Ohhhh, when I think of this night, even now, a few months later, I get sooooo mad.
So, two Sundays before the big trunk-or-treat, one of our counselors in the bishopric got up and announced that it would be such-and-such night at 7:30 p.m. Take note of that time, my friends. It will come up later. I remember thinking, "Wow, it will already be dark by then. Weird. But whatever. We'll BE there!"
And then I missed the announcements the following Sunday because Gage and Micah were being special and we were in the foyer and the little intercom speaker things don't work in the foyer.
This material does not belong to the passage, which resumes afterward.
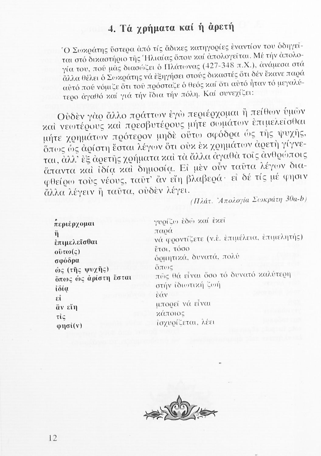 LDR 01159 2200217 4500 035 ## _a03-20556839 040 ## _aΒιβλιοθήκη της Βουλής των Ελλήνων 041 ## _ael 100 ## _aΝ. Χ. Κεφαλίδης _aΑ. Β. Μουμτζάκης 110 ## _a20556839 245 0# _aΑρχαία Ελληνικά Α' Λυκείου 250 ## _a4η Έκδοση 260 ## _aΑθήνα _bΟργανισμός Εκδόσεως Διδακτικών Βιβλίων _c1982 300 ## _a308 520 ## _aΣχολικό εγχειρίδιο Αρχαίων Ελληνικών Α' Λυκείου που περιλαμβάνει αποσπάσματα από κείμενα αρχαίων Ελλήνων συγγραφέων και γραμματικές, συντακτικές και ερμηνευτικές σημειώσεις. Περιέχει και ασκήσεις γραμματικής. 521 ## _aΑ' Λυκείου 522 ## _aΕλλάδα 546 ## _aΔημοτική 563 ## _aΜαλακό Εξώφυλλο 583 ## _a3700/16-12-1981 _c1981 650 #4 _aΙσοκράτης _aΛυσίας _aΞενοφώντας _aΠλάτωνας

So the night of the big trunk-or-treat came. We got everyone all ready. Dylan was a vampire this year, and he had all this makeup he had to put on and had fake blood to apply and everything. It was a big deal.
And then I see Brother M., who dresses as Uncle Sam every year, walking home on his huge stilts. And I think, "Why is he leaving? It's just getting started!"
And then it hit me. The counselor had announced the wrong time. They had announced the right time the following week. I wasn't there to listen to the announcements, and Ben hadn't heard it, probably because he was helping Dylan or Sadie with some urgent matter, like retrieving fruit snacks from the church bag or something like that.
I felt sick to my stomach. I was so ANGRY. Angry at myself. Angry at the counselor (which was bad of me, I know). Just SO MAD. I had gone to so much work making those taquitos! And the kids had been so excited!!! And all that makeup Dylan put on! For nothing!
I was so angry that I went straight down to my room and lay in bed, in the dark, in the fetal position for an hour. And I cried. I know. Dumb. But I was just so upset.